Step 1. Generate one random number, random1, to determine if there is rain or no rain

If we let the computer select a random number from 1 to 100, we can use the result to pick a rain outcome. In our example there is a 28 percent chance of rain and a 72 percent chance of no rain. We map the random number to the probabilities by establishing cutoff points. If the random number is 28 or less, the result in the simulation is rain. If the random number is more than 28, the result is no rain.

• Simulation 1, Random Number 1 = 63 –> no rain

Step 2. Generate a second random number, random2, to determine the temperature

We again have the computer select a random number from 1 to 100. This step, because of the characteristics of the event we are describing, is more complex than just choosing rain or no rain. Recall that if there is rain, we have one set of probabilities to determine the temperature. If there is no rain, we have another set.

• Simulation 1, Random Number 2 = 82 –> Temperature = 95 degrees

Now that we know the weather conditions for our first simulation, we can apply our demand function the same way as before and calculate the derivative business outcomes based on the per-glass selling price of $2.00 and the ingredient cost of 80 cents. Our simulation repeats the process until we have created 1,000 simulations, which are shown in the table below and come from these spreadsheet calculations. Interpretation The average demand estimate from the thousand simulations is 37.5, very close to the expected value found previously of 38.2. Let’s take a look at what matters most for Gracie’s business. Using the expected value approach we were able to determine the expected profit of$45.84. If we take the average profit from the simulations, we find \$44.95

This shows us that simulations can be a good approximation of the pure theoretical values. Simulations also provide us with something that expected value alone does not, the distribution of outcomes.

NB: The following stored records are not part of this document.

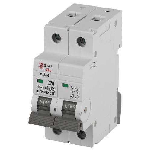 Главная/ Каталог продукции / Устройства защиты, плавкие предохранители, модульные устройства/монтажные устройства / Выключатель автоматический модульный / Выключатель автоматический 2п C 20А 4.5кА ВА47-63 PRO ЭРА Б0059423
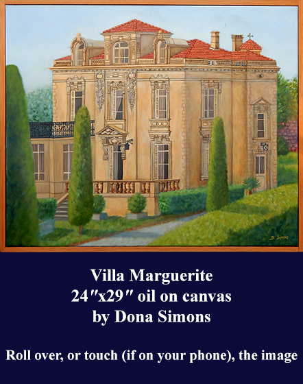 My human stayed in this luscious villa when she was in France painting the Château de La Napoule. The villa’s just across the street from the castle and down the beach road from Cannes. Cannes of what I wonder? I could use a can of something tasty round about now. She did this painting while looking out from a bedroom window in the castle. It’s painted on smooth linen canvas with French Sennelier oil paints that she discovered on that trip. Now she uses them every day.
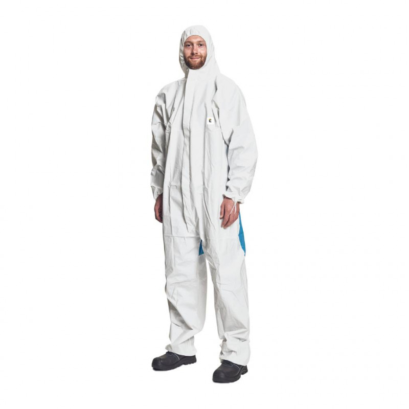 Partea din față este realizată din material laminat cu peliculă microporoasă, partea din spate este confecționată din material de culoare albastru SMMS, care este foarte respirabil; respirabilitatea îmbunătățește foarte mult confortul utilizatorului la locul de muncă; sunt bucle pentru degetul mare în manșete pentru a asigura potrivire perfectă a mânecilor
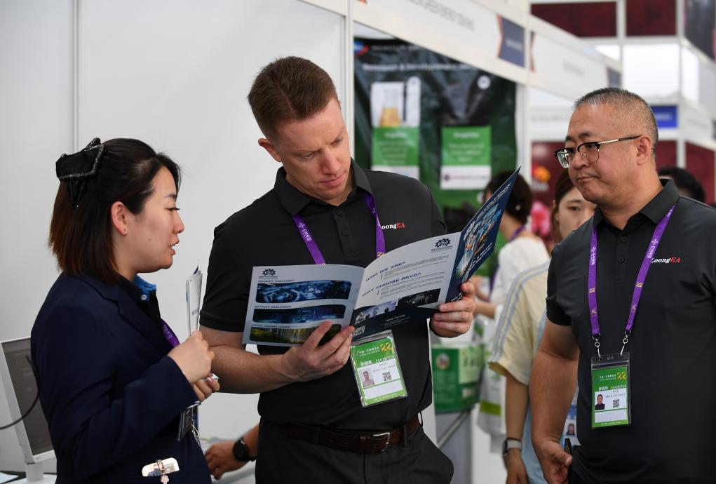 9月17日,在廣西南寧國際會展中心,人們在展覽現場交流。新華社記者 陸波岸 攝
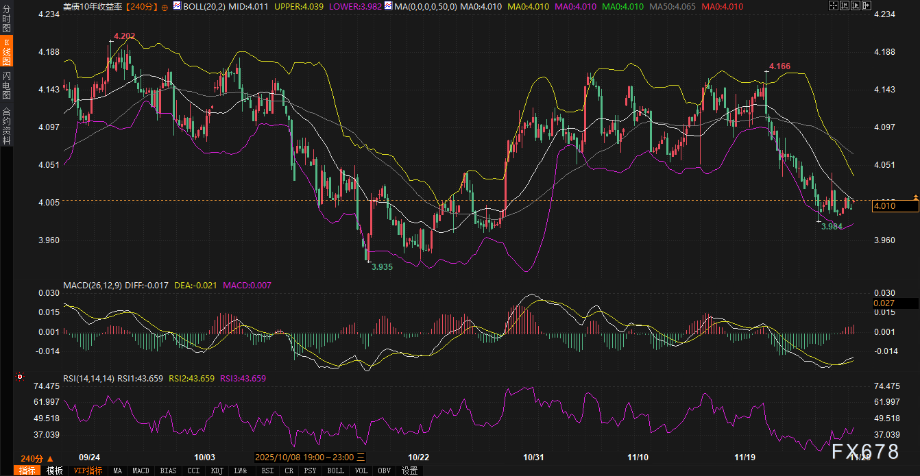 若未出现突发地缘或政策事件,市场将延续当前技术面指引,10年期收益率在3.98%-4.04%区间波动。布林带中轨与MACD金叉形成短期支撑,但感恩节后流动性恢复缓慢可能抑制突破动能。
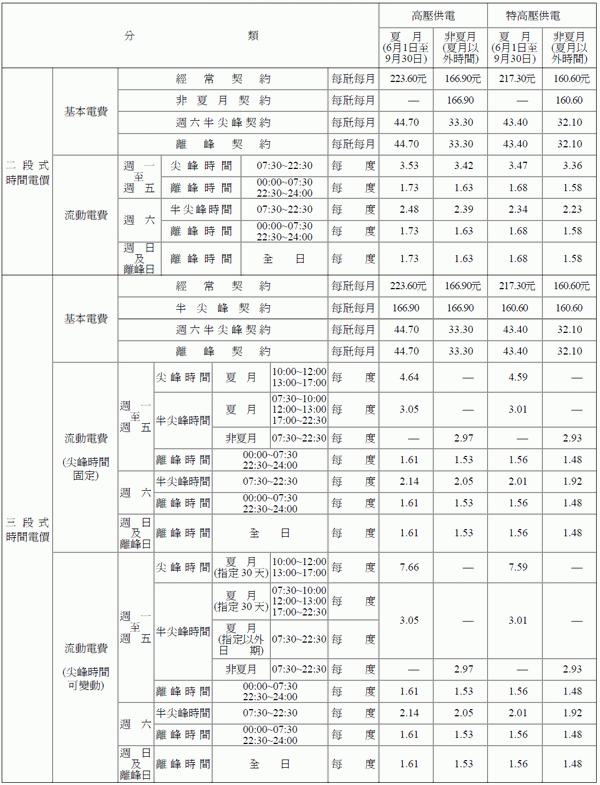 ▲ 台灣電力公司高壓、特高壓電價表 中華民國101年6月10日實施

1,000 Simulation Outcomes for Temperature, Demand, and Profit

We get a clear sense from these 1,000 simulations what the distributed outcomes are likely to be. For instance, there is only a 20 percent chance that the temperature will be 95 degrees.

Looking at demand and profit, we see the exact same probabilities. This is because there are no random outcomes between demand and the purchasing behavior of buyers. We assume that all demand is satisfied. If we wanted to add more realism, we could say that revenue fluctuates up/down 10 percent depending on the negotiation skills of buyers at the lemonade stand.

Even the basic distributions are telling. We now see that there is a 56 percent chance that profit will be greater than 50 dollars. We could also use extreme values to make business decisions. For instance, if we only want to operate a business that generates more than 30 dollars in profit per day, we can use these results to highlight the 26 percent chance that profit will be less than 30 dollars on any given day. At some point, if the likelihood of those occurrences is too large or not offset by frequent days with much larger profits, we may decide to exit the business or not even enter in the first place.

Probability of x…

Another benefit that comes from simulations is the opportunity to apply an empirical cumulative distribution function to the results - something we’ll discuss more when looking at distribution types.

In essence, the plot shows the probability that Gracie will earn at least a given level of profit on a randomly selected day. For instance, there is a 44 percent chance that Gracie will earn at least 50 dollars in profit (shown at the intersection of the two dotted line in the chart).